The Songwriter of the Month for February 2016 is Harold Arlen.
He was born on February 15, 1905 in Buffalo, New York to Samuel and Celia Arluck. His mother gave birth to twins, but only Harold survived. He was given the name Hyman. His father was a noted cantor in Buffalo and was the resident choir director at the Pine Street synagogue. It was at the synagogue that young Hyman was able to explore his musical talents. He began piano lessons at age 9 and composed his first song at the age of 12. Though he was taught classical piano, he loved jazz and began to collect jazz records.

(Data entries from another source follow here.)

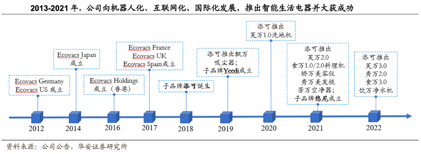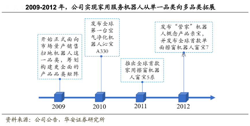 經(jīng)典案例:根據(jù)公司公告、華安證券研究所等綜合資訊表明,2012年,科沃斯公司發(fā)布“管家”機(jī)器人概念產(chǎn)品親寶,并發(fā)布全球首款單面擦窗機(jī)器人窗寶 7 系。至此,公司已初步構(gòu)建起由掃地“地寶”、擦窗“窗寶”、空氣凈化“沁寶”和管家“親寶”組成的家用機(jī)器人完整產(chǎn)品線,完成產(chǎn)品由點(diǎn)到線的第二次轉(zhuǎn)型。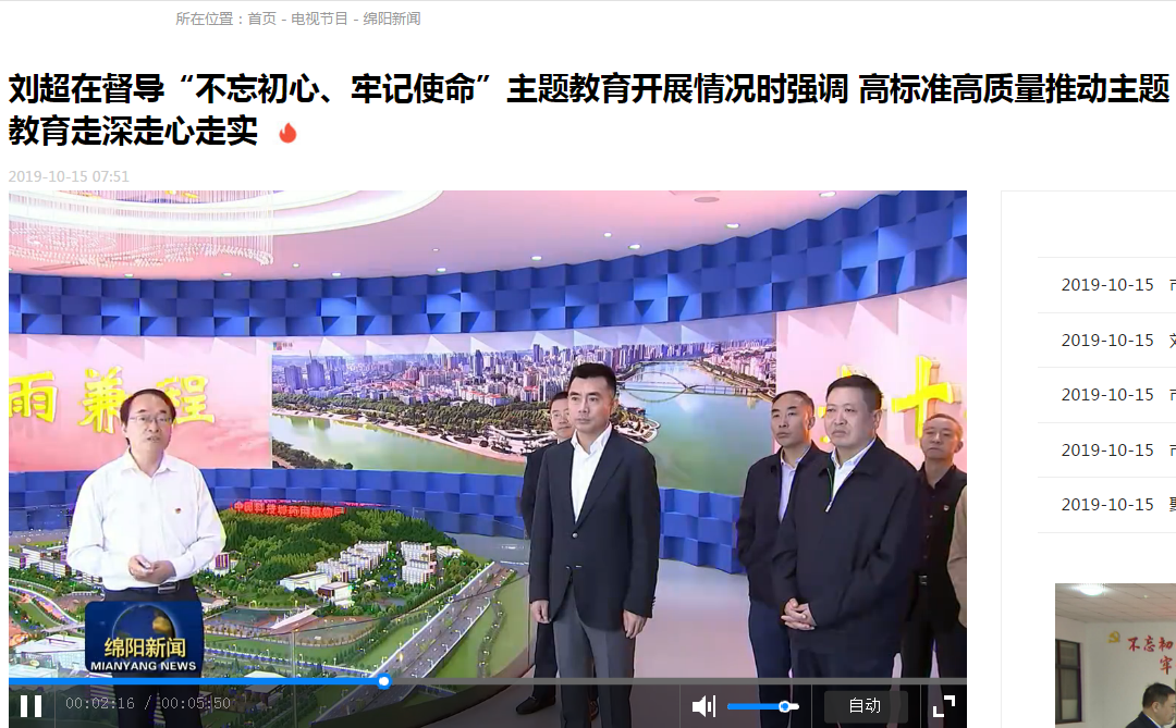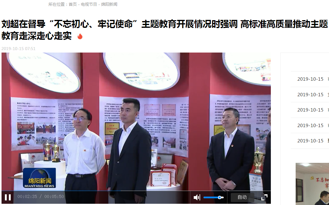 上一篇:《绵阳日报》:刘超在督导“不忘初心、牢记使命”主题教育开展情况时强调:高标准高质量推动主题教育走深走心走实 以为民谋利为民尽责的实际成效取信于民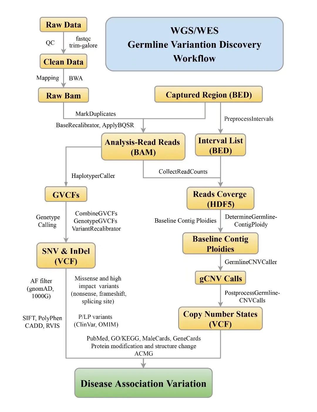 包含从下机数据质控,公共数据准备,基因组比对,到变异检测,过滤和有害性预测等全流程。

At 15, Hyman formed his first band, The Snappy Trio, which played in the Buffalo area and even in its red light district. They were quite successful, to the point that young Hyman, at the age of 16, was able to buy his own Model T automobile. To his parent’s dismay, he dropped out of high school. The Snappy Trio expanded into a five-piece group called The Southbound Shufflers in 1923. It was around then that he was known as Harold Arluck. His success and fame as a pianist and composer continued to grow and bring offers of employment. He also met a male dancer from Boston named Ray Bolger, who became a lifelong friend. Throughout the rest of the 1920s, he grew as a performer (both piano and singing) as well as composing and arranging. Composer Harry Warren heard him play and connected Harold with the lyricist Ted Koehler.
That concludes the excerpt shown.